The solvency position of Canadian pension plans dipped slightly in the first quarter of 2015.
The Mercer Pension Health Index stood at 94% on March 31, down from 95% at the start of the year.
The small decline in the funded status masks a quarter of significant volatility in the key variables that affect the funded status of pension plans. Long-term interest rates fell 50 basis points in the quarter, pushing pension liabilities higher.
Read: Lump of coal for pension plan sponsors
However, pension assets grew almost as much as pension liabilities due to strong equity returns, the positive impact of falling interest rates on bond portfolios and the magnifying effect of the declining Canadian dollar on the value of foreign asset holdings.
“Many pension plans remain more exposed to interest rate movements and equity market performance than they would like to be. However, plan sponsors have been reluctant to reduce their exposure to these factors at a time when interest rates are testing historical lows,” says Manuel Monteiro, partner in Mercer’s Financial Strategy Group.
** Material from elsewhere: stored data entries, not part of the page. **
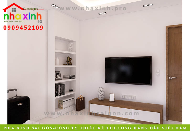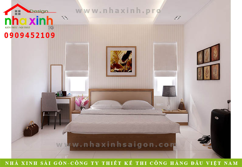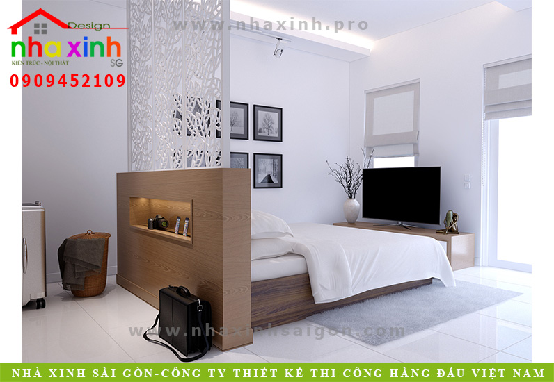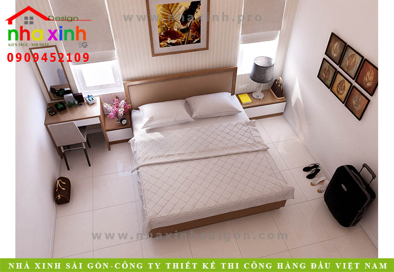 Căn phòng ngủ thứ 2 được thiết kế, trang bị giống cấu trúc phòng ngủ của gia chủ nhưng màu sắc có vẻ tươi sáng, trẻ trung hơn để hợp với tính cách trung thiếu niên. Giấy dán tường nhẹ nhàng bao bọc ngay phần cạnh tường để phần nào che lấp đi sự khô khan của hai cánh cửa sổ mà KTS đã trang bị nên. Và cũng nhờ có cửa sổ mà căn phòng luôn đón nhận được sự rộng rãi, thoải mái. Góc trang điểm nhỏ nhắn đặt ngay cạnh giường để thuận tiện cho việc di chuyển, sử dụng. Ti vi âm trực tiếp vào tường nhằm tiết kiệm diện tích, tận dụng bức tường tại vị này, cách điệu xây lõm vào vài phân làm thành chiếc kệ nhỏ để sách và các vật trang trí theo ý muốn gia chủ.
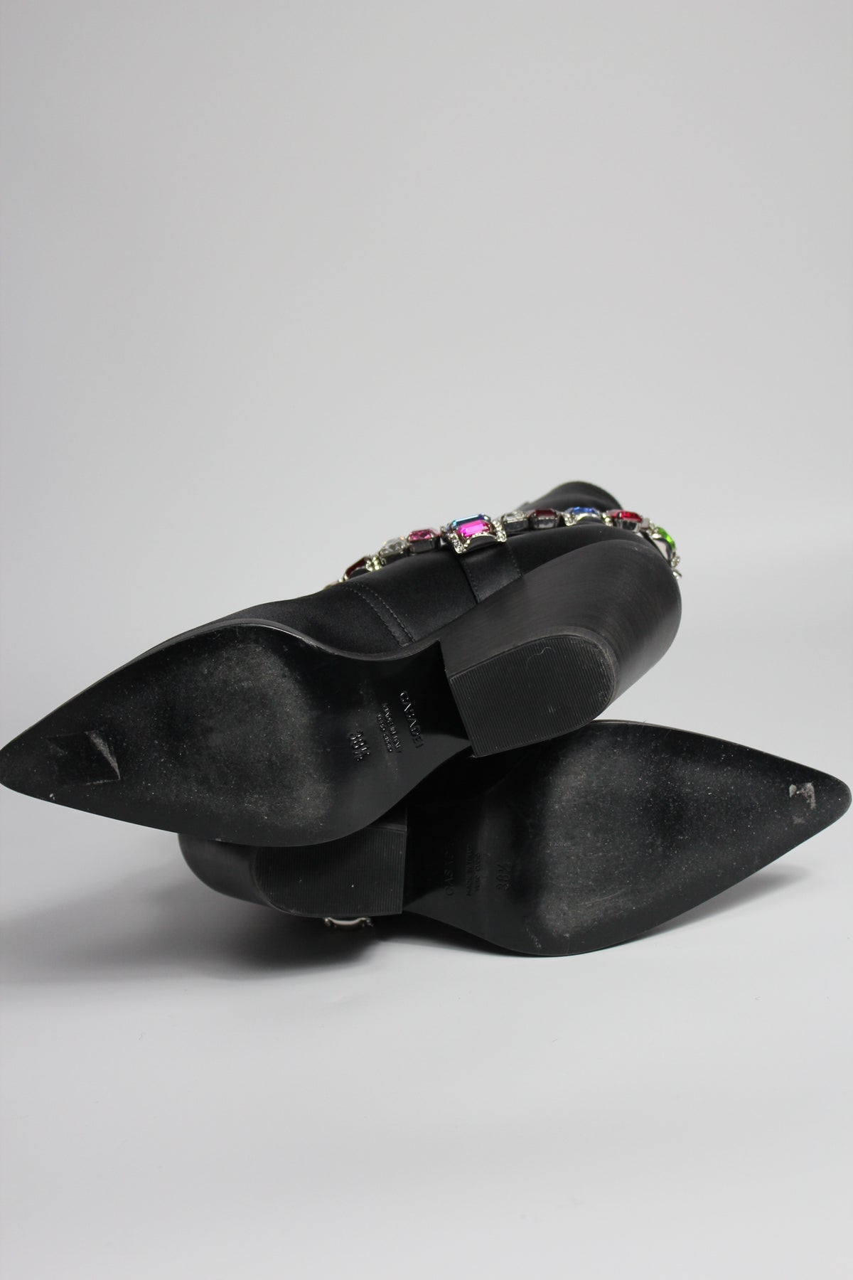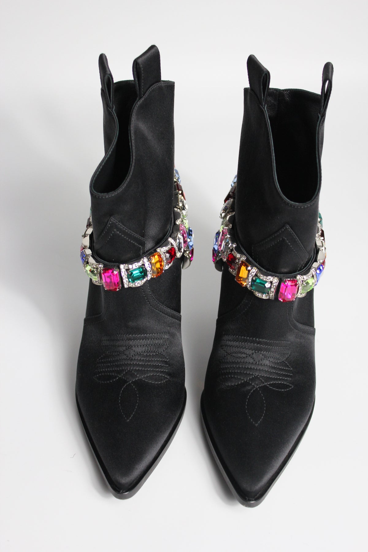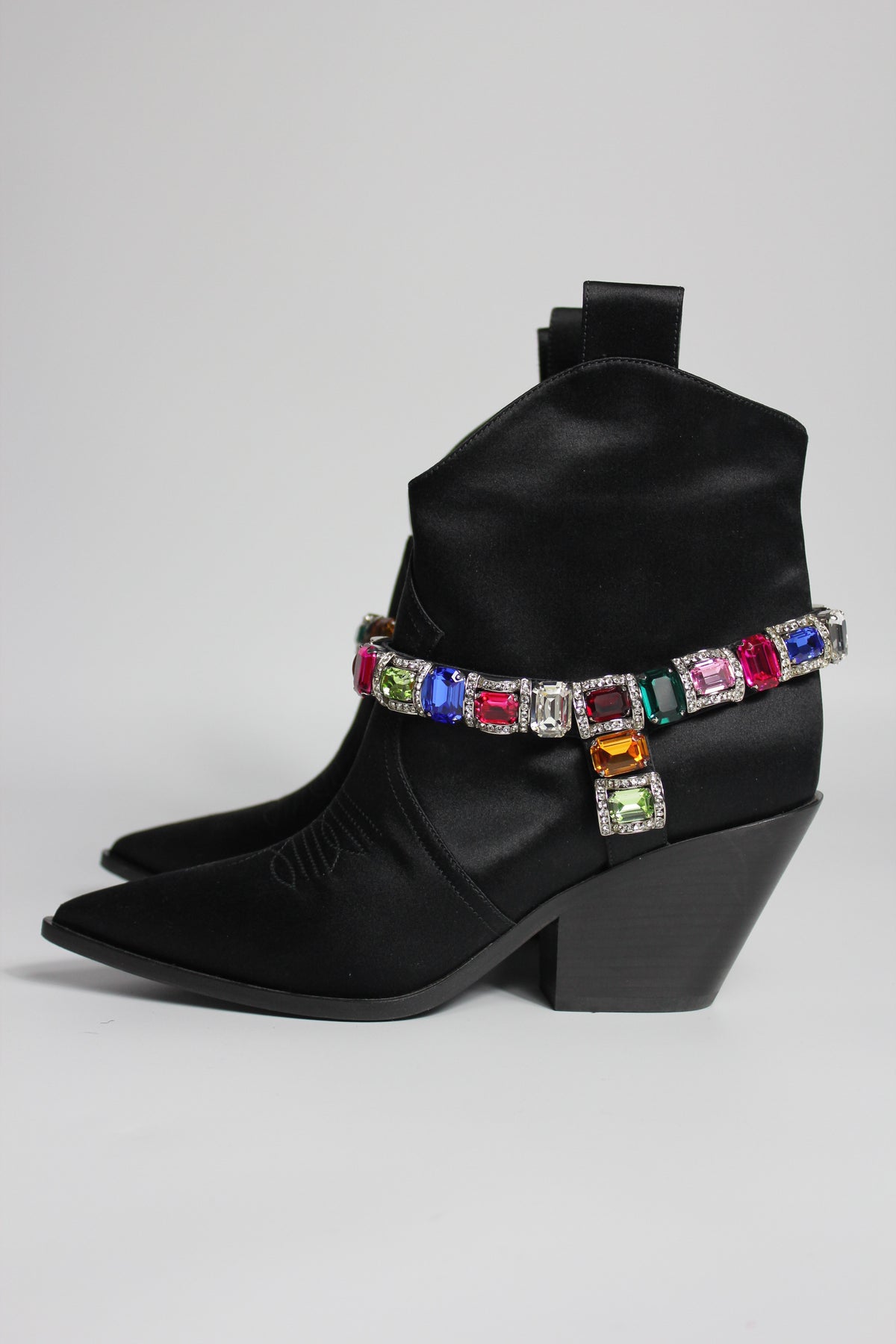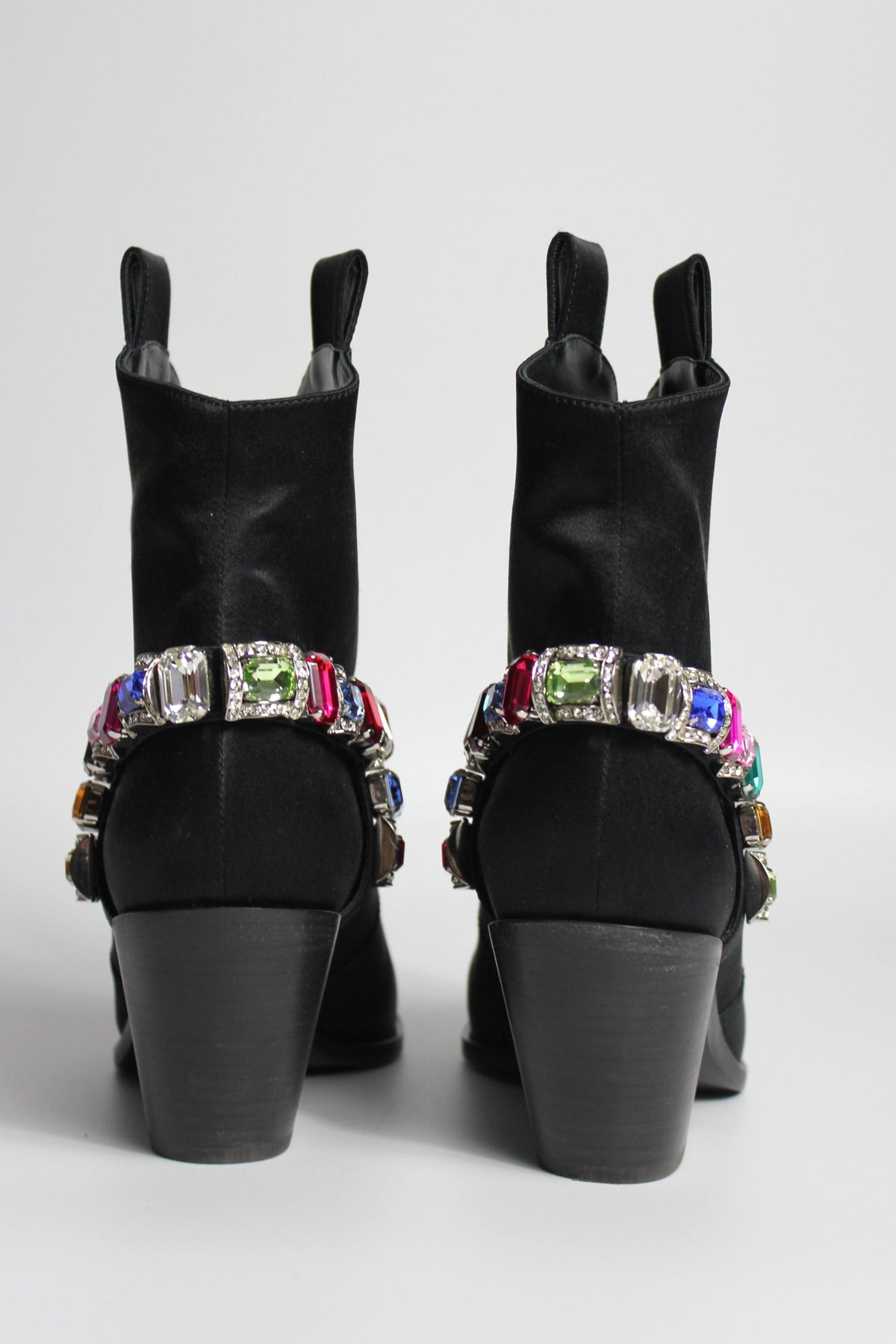 Western but make it Glamour ! Shop these beautiful CASADEI Boots crafted from black satin fabric and embellished with multi color crystals belt.
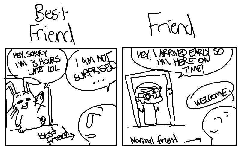 I take my time with my best friend and am more relaxed, but with friends, I try to get there on time-- always.
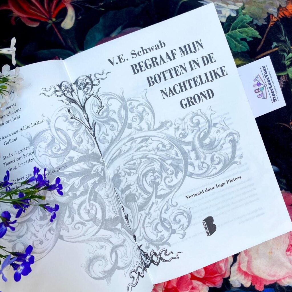 Lezen in Begraaf mijn botten in de nachtelijke grond gaf mij een aangename leesvertraging. Ik had geen haast in deze wereld van V.E. Schwab. Ik vond het heerlijk dwalen met de karakters en de emoties bereikten me moeiteloos. Wat een genot vond ik deze roman. Er zijn misschien geen grote plottwists, het tempo ligt laag, maar ik had dit niet anders willen zien. Het begin is net zo sterk als het middenstuk en het einde. Ik ben alleen maar meer van V.E. Schwab gaan houden. Hoog tijd, als mijn gigantische recensiestapel geslonken is, om de andere twee boeken op te pakken die ik nog niet gelezen heb van haar!
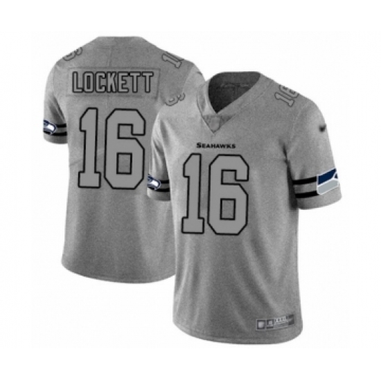 >Men's Seattle Seahawks #16 Tyler Lockett Limited Gray Team Logo Gridiron Football Jersey
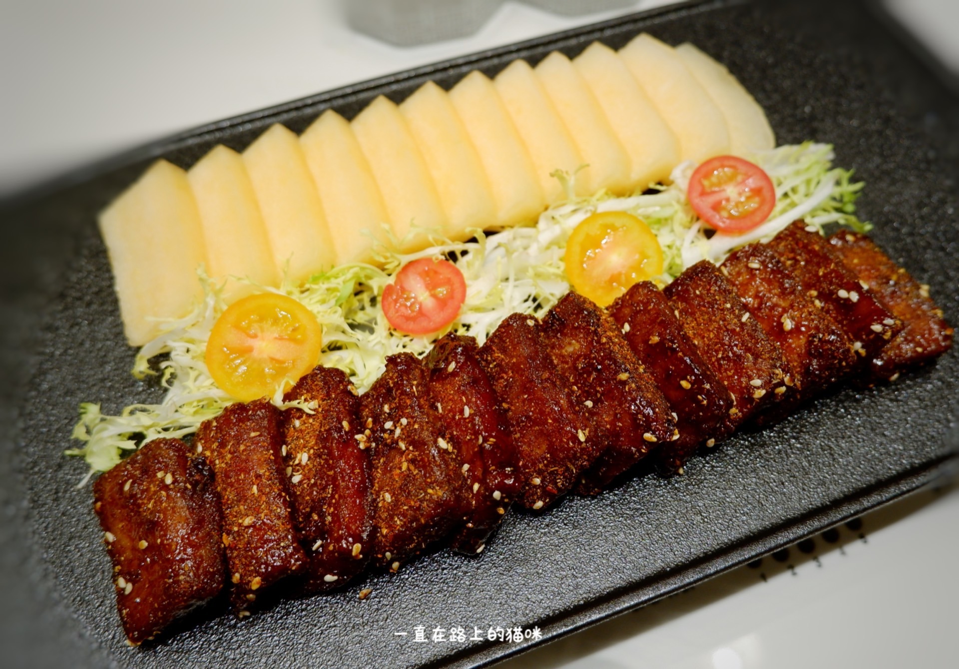 哈密瓜麻辣香酥黑猪:猪肉不知道如何做的如此香酥,咬下去酥香脆,特别的油香味让我着迷,再配上哈密瓜来解腻,吃一个不过瘾啊。
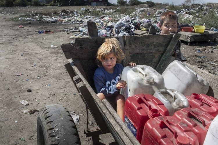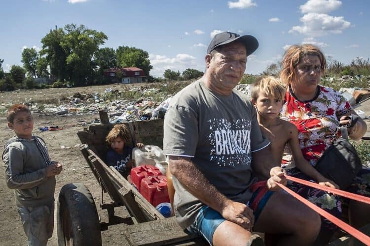 EFORIE SUD, ROMANIA - SEP 06: From left to right, Iusmen Cadir, Suliman Suliman Elvis, Iusmen Cadir, Dali, Suliman Emine, going to bring water for the community in Eforie Sud, on September 06, 2022. Roma community living near a new municipal refuse site at Eforie Sud in the Northern Dobruja region of Romania, struggle without electricity and running water and face imminent evictions after the city-hall claimed in court that the community lacks proper tenure since 2015. Regardless of international pressure to stop such practices, local authorities continue to forcibly evict the remaining Roma people, including young children, often leaving them with no shelter facing extreme weather conditions and a lack of food.
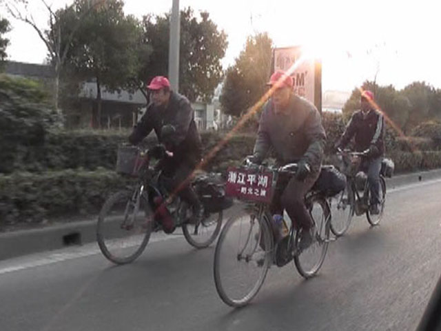 有车友,朋友,还有电视台的共几十人到九亭来接我们。
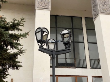 Также стоит отметить, что забор около театра им. Пушкина находится в аварийном состоянии. Из-за ветра один из листов может улететь. Кроме этого, на фонарях у входа в театр разбиты стекла, которое от ветра могут выпасть на проходящих мимо людей.
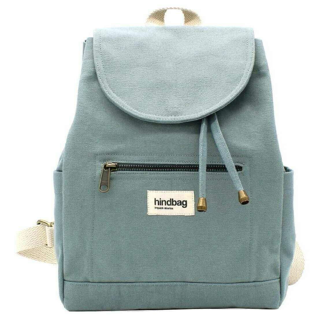 This well made unisex mini eliot small backpack from Hindbag comes in a sage blue colour and is manufactured from 100% organic cotton. It measures 31cm(height) x 24cm(width) x 13cm(depth). All the bags come complete with hindbag packaging. The Hindbag Mini Eliot Small Backpack - Sage Blue is suitable for young and old alike! Featuring two exterior pockets and one interior pocket, you can slip in what you need while keeping your hands free. The timeless design of this mini backpack blend vintage charm with modern functionality, making them a popular choice for daily use.

“Nevertheless, there is increasing awareness of the importance of establishing a risk management strategy in advance, which would allow plan sponsors to act quickly when opportunities present themselves again.”
A new mortality table that recognizes increased longevity is expected to be adopted for purposes of determining lump sum values paid from a pension plan in August 2015. This change will decrease the solvency position of pension plans by about 2% on average.